I think one of the most disappointing aspects of our first two games has been the inability of very well-paid players to string three or more passes together without losing the ball or just hoofing it hopefully forward. I'm not advocating playing the 'Swansealona' style of sideways-backwards-triangles but a passing and movement style that actually is productive. Nothing raises my blood pressure more than seeing promising positions ruined by playing passes either directly to or behind an advancing player, totally losing momentum. Equally, Adel often takes the pace out of an attack by repeatedly stepping over the ball with similar results. In the early 60's Bill Nicholson introduced the 'push and run' style that brought Spurs greatest team massive success, 50 years later that embryonic version of the game appears beyond players paid beyond the wildest dreams of Blanchflower & Co. We really need to work on the most basic aspects of our game to make the progress we crave...
Good post, i know what you are saying about Adel but he is the one of only a few who can pick that pass out! the game has been made over complicated by years of inadequate coaching. Movement seems to be an after thought instead of natural. Technical ability replaced by pace or power! Its a typical English mentality which we are only just beginning to address with 5 v 5 in kids junior football. An example of this came yesterday when onohua had acres of space and time but decided to pass it back to green to hoof! Why the hell can't he pass it to feet or even hoof it himself!!
Go back four years to the best of Jim Magilton's time here and that was the style of play I'd love to see us producing. That was a team that was playing with a freedom of expression that was some of the best football I'd seen from a Rangers side for many years, yet we now have supposedly better players playing like carthorses...

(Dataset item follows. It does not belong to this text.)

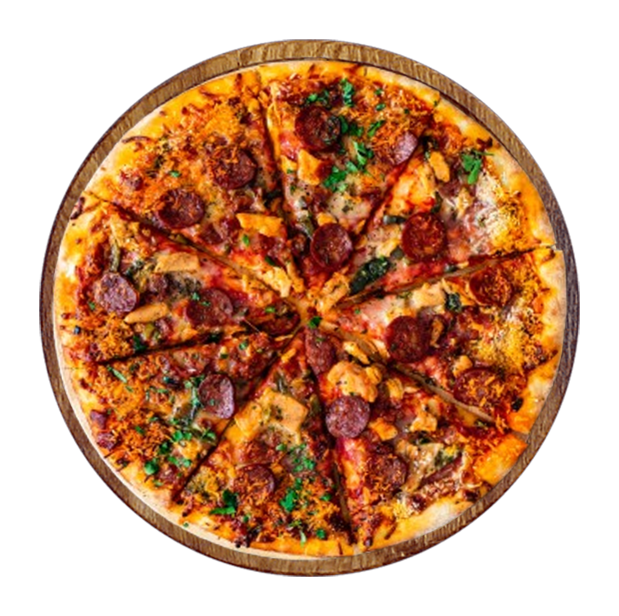 Tomate, mozzarella, viande hachée, merguez, poulet, jambon, oeuf.

All true and we certainly have players that are sufficiently gifted with technique to play a possession game. Yesterday most of the time we say a defence struggling under pressure and Cisse being continually caught offside, what was going on elsewhere was far from clear. The players aren't to blame for there being no system and no shape, most of the time when they receive the ball there's no one moving off the ball which is why they end up either booting it up front or passing it back to Green. The buck stops at Hughes' door.